Quote the whole listing word for word. Do not include the pictures.

======== PROVIDED MATERIAL ========

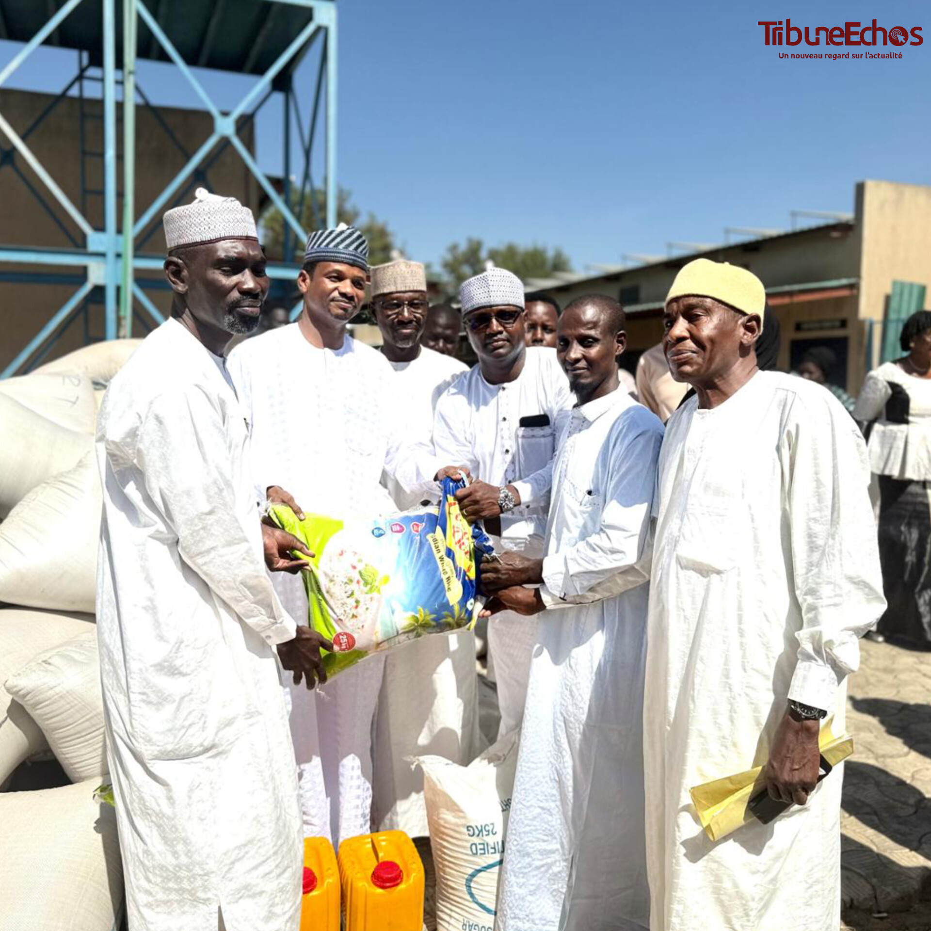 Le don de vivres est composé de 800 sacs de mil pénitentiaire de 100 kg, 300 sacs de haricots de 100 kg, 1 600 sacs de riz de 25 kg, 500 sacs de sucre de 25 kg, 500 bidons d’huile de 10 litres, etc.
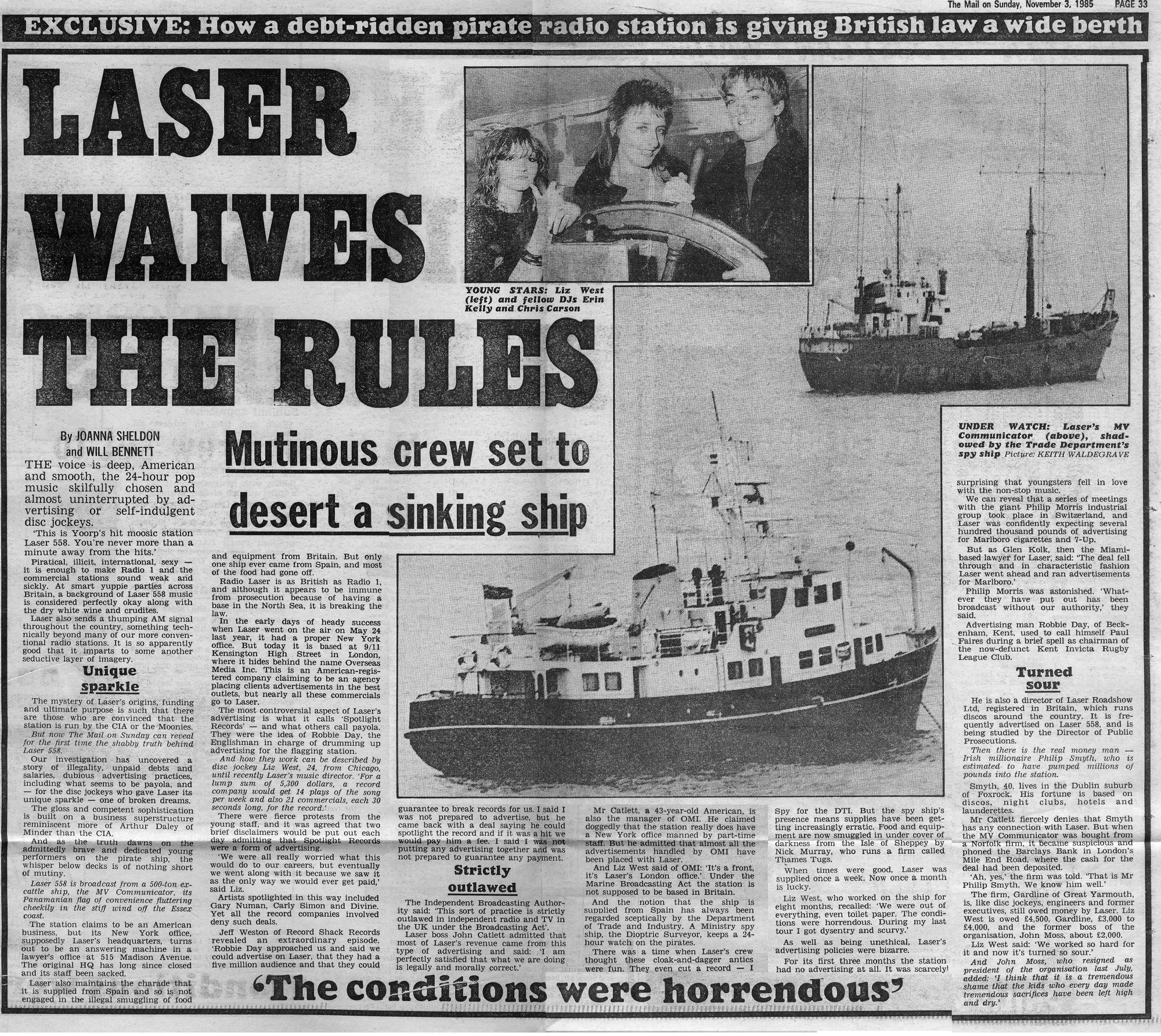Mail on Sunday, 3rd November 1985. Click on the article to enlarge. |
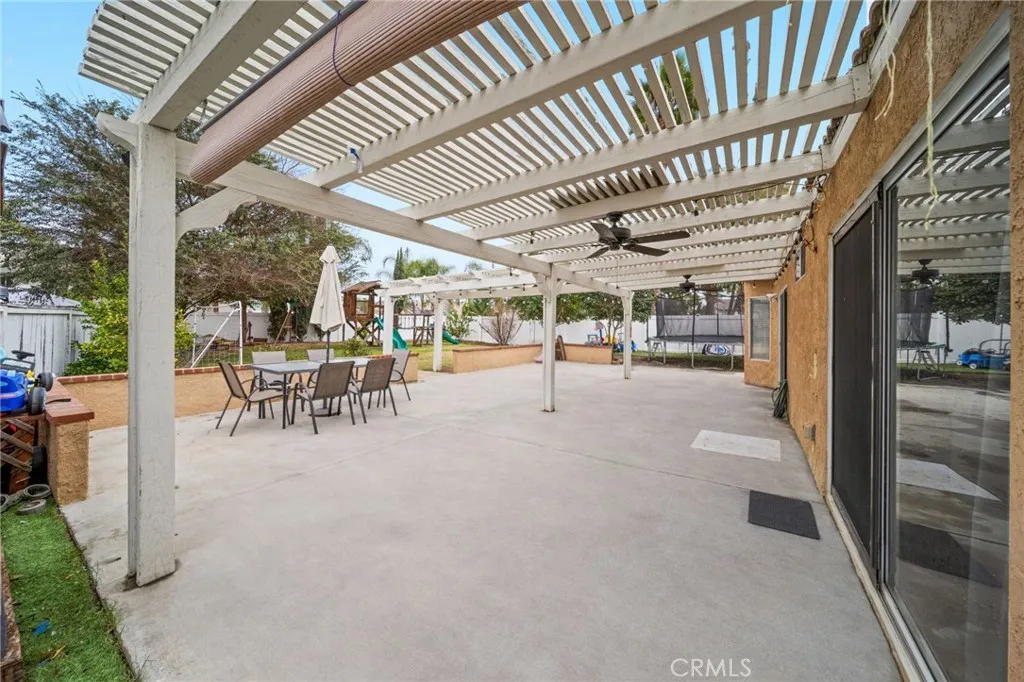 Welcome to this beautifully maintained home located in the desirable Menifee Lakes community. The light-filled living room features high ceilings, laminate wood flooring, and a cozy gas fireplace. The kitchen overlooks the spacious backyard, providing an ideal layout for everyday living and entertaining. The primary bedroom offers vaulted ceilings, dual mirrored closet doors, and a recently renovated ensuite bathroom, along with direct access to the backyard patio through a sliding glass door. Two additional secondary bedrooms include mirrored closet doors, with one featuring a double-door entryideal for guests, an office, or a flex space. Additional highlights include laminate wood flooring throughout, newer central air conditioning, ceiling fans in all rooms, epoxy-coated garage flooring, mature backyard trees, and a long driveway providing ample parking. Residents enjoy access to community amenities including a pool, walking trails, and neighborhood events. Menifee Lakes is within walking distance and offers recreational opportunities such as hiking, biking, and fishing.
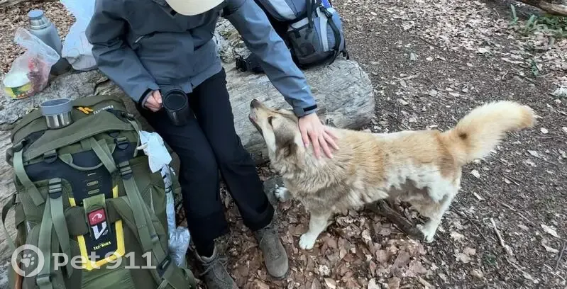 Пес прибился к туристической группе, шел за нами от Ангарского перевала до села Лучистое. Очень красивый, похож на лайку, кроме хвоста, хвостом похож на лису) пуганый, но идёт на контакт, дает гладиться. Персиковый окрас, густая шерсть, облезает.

========

■ WRITTEN ANSWER:
 Le don de vivres est composé de 800 sacs de mil pénitentiaire de 100 kg, 300 sacs de haricots de 100 kg, 1 600 sacs de riz de 25 kg, 500 sacs de sucre de 25 kg, 500 bidons d’huile de 10 litres, etc.
Mail on Sunday, 3rd November 1985. Click on the article to enlarge. |
 Welcome to this beautifully maintained home located in the desirable Menifee Lakes community. The light-filled living room features high ceilings, laminate wood flooring, and a cozy gas fireplace. The kitchen overlooks the spacious backyard, providing an ideal layout for everyday living and entertaining. The primary bedroom offers vaulted ceilings, dual mirrored closet doors, and a recently renovated ensuite bathroom, along with direct access to the backyard patio through a sliding glass door. Two additional secondary bedrooms include mirrored closet doors, with one featuring a double-door entryideal for guests, an office, or a flex space. Additional highlights include laminate wood flooring throughout, newer central air conditioning, ceiling fans in all rooms, epoxy-coated garage flooring, mature backyard trees, and a long driveway providing ample parking. Residents enjoy access to community amenities including a pool, walking trails, and neighborhood events. Menifee Lakes is within walking distance and offers recreational opportunities such as hiking, biking, and fishing.
 Пес прибился к туристической группе, шел за нами от Ангарского перевала до села Лучистое. Очень красивый, похож на лайку, кроме хвоста, хвостом похож на лису) пуганый, но идёт на контакт, дает гладиться. Персиковый окрас, густая шерсть, облезает.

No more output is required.